Privacy and teenagers can be a tough thing to balance. As parents, we know that they need and deserve some, but we also need to be able to see what they’re doing, where they are, and who they’re with if anything crops up that causes concern.
This woman’s daughter is 17 and struggling with invasions from her two younger brothers. She gives examples like turning her things upside down, bothering her while she’s trying to study, and even barging in while she’s trying to sleep.
My (43f) daughter Lara (17f) has been struggling to focus on her studies with her brothers Kyle (12m) and Ryan (9m) constantly disrespecting her privacy. A few days ago, she was yelling for Kyle to come to her room. I asked her what happened. She explained that Kyle flipped all her items upside down. I called Kyle to come and flip everything right side up.
Yesterday, Ryan was running into her room and kept stealing her stuff, while she ran to get them back. On the night of the same day, Lara was trying to sleep, when the brothers suddenly barged in and ran through it, resulting in her screaming at them to stay out and close the door while she was sleeping, to give a few examples.
After being woken in the middle of the night – and then chastised for screaming about it – the daughter has requested locks on her bedroom door.
Today in the morning, her father (48m) told her he didn’t like the way she was screaming. She said that she was trying to sleep and her brothers were making all kinds of ruckus.
He told her that they are kids and they will learn. She said that they will never learn and the only way for them to learn is to have locks installed for her room.
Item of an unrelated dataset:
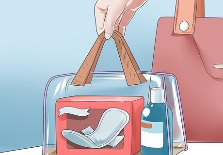 Choose the best protection for you. There are a variety of products designed for different flows and different stages of your period. The best way to work out which products are best for you is to work out what type of flow you have (light, normal or heavy.) Keep in mind, your flow can differ at different days of your period. So, try out different products until you find some which you are happy with. You should also consider your daily activities. If you are very active and/or participate in regular sporting activities, pads will be very uncomfortable so opt for a tampon or menstrual cup. Panty liners: For use just before and at the end of a period when there is very little flow, but still enough blood to stain your underwear. Usually quite discrete. Can also be used as extra protection when using a tampon. You can get both disposable and reusable panty liners. Wingless pads: For use during your period. Come in a range of absorbencies so there should always be something to suit you. Usually quite discrete except the higher absorbency pads are longer and therefore may be harder to hide with clothes like leggings or tight pants. You can sometimes get leaking over the sides of the pad. Winged pads: The same as wingless pads, but with wings that fold under your underwear to prevent movement and spillage over the sides of your underwear. Non-applicator tampons: Secure, and few leaks as long as you have the right absorbency. Smaller and therefore more discreet than pads and applicator tampons. Can take some practice to insert properly. Must have clean hands before using. Must change after at least four hours because they're linked to an illness - Toxic Shock Syndrome. Applicator tampons: Easier to insert thanks to the applicator. Less discreet although some are in smaller packaging than others. Come in a heavier absorbency than non-applicator tampons. Should still have clean hands before using, but it's less of a risk if you don't. Must be changed within four hours due to TSS. You can also use a reusable applicators with non-applicator tampons. Menstrual Cups: Menstrual cups are made of silicone, rubber or TPP. They are folded and inserted into the vagina where they collect the menstrual blood. When it's time to change it, you empty into the toilet, rinse it and reinsert it. They can be worn for 12 hours and have no reported link to Toxic Shock Syndrome. Reusable Menstrual Pads: Work the same way as normal or winged pads, but you wash them and reuse them. Come in any shape or length you want and come in a range of fabrics. Look for 'wicking' top fabrics to feel dry. "Period Underwear: Like regular underwear, but made for periods. They come in different absorbencies and sizes and can be useful for when your period is not at its heaviest. It can also be used when you think you period is approaching, or paired with a tampon or menstrual cup for extra security. They can be worn at any time of the month, even when you are not on your period.

He did not want her to and they went back and forth on this until she threatened she would move out as soon as she became financially independent since she wasn’t going to wait for them to mature and they should already know to respect her privacy to which he said to wait to include me in the conversation.
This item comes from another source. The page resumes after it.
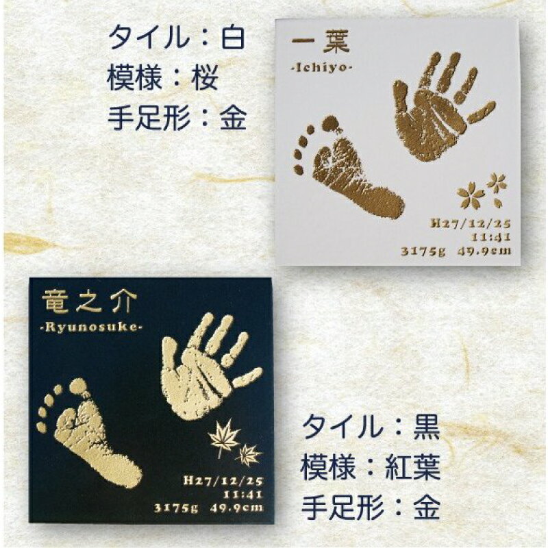 出産祝い 内祝い メモリアル 誕生祝い 赤ちゃん 手形 足形 タイル 彫刻 「凛-Rin- 150」 出産祝いや内祝いにかわいいタイルに手形彫刻 1

Her mother doesn’t want to do it, citing a need to be able to make sure the daughter isn’t goofing off when she’s supposed to be studying, and claimed that she would “make sure” the boys stayed out of her room.
I overheard, and when she went to her room, I told her she wasn’t going to have locks set up because she already wastes her time without the need for locks and I don’t want her to fail. Lara said that they were never going to listen without them and I told her that I would make sure they wouldn’t enter her room.
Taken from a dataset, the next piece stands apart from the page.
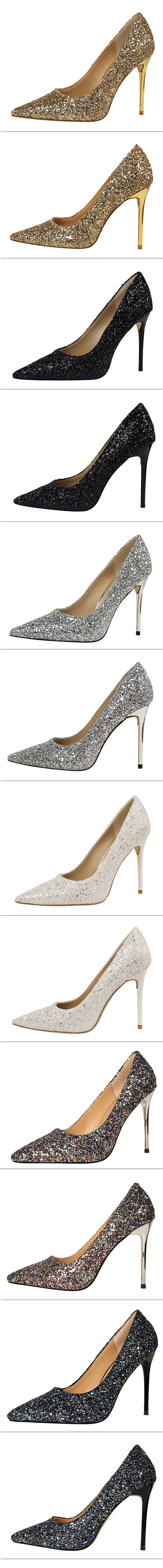 Туфли женские на высоком каблуке, заостренный носок, Блестящие Блес...

A promise that turned out to be immediately hollow, as they ran in again. When she went to her mother as requested, her mother said she can’t complain because she sometimes naps in her brother’s room after school.
OP replied that it’s different because her brother isn’t using it and basically doesn’t unless it’s time to go to bed at night.
This evening, I heard her shouting for me. We were all in the living room. Her father explained what was going on. Lara said that she was making Kyle tea when he did he’s not allowed to do. She said that she was going to tell on them and he said that if she promises to not tell, he and Ryan will never go into her room again. She didn’t say anthing so they ran upstairs to her room.
I told her that she has no right to complain since she always sleeps in Kyle’s room after school.
Her brothers all agree and Lara calls all of us the worst, none of us are allowed in her room, and leaves. She comes back after a minute and says that she only sleeps in Kyle’s room because he never uses it aside from sleeping at night, and if he was to use it for studying, then she would never go there.
Meanwhile, they constantly disturb her, mess with her stuff, and made her unable to sleep just last night.
OP promised (again) to deal with it if they went in her room – a speech that was interrupted by the older boy saying he could go in there if he wanted to – and seemed surprised her daughter talked about dying to move out and away from the ruckus.
I told her if they ever go into her room, she needs to go to me. Then Kyle starts saying that they had the right to go into her room while she was trying to sleep because they were playing.
Lara yelled at him, then said that she couldn’t wait to move out soon so she no longer has to deal with them. She also called me an awful mother for not giving her her bedroom locks.
Should teenagers have locks on their doors? Reddit is swooping in with their opinions!
The top comment says that until OP actually does something to curb her sons’ behavior, locks may be the best and easiest solution.
While this person is confused about OP’s reasoning for not wanting the locks in the first place.
This comment wants to give the brothers the benefit of the doubt…but not the parents.
This person, though, thinks the boys might already be lost causes.
Then there’s this ominous warning.
I hate all of this for the daughter, honestly.
If you live in a safe home with people who respect your privacy there should be no real reason for locks…but this is not that.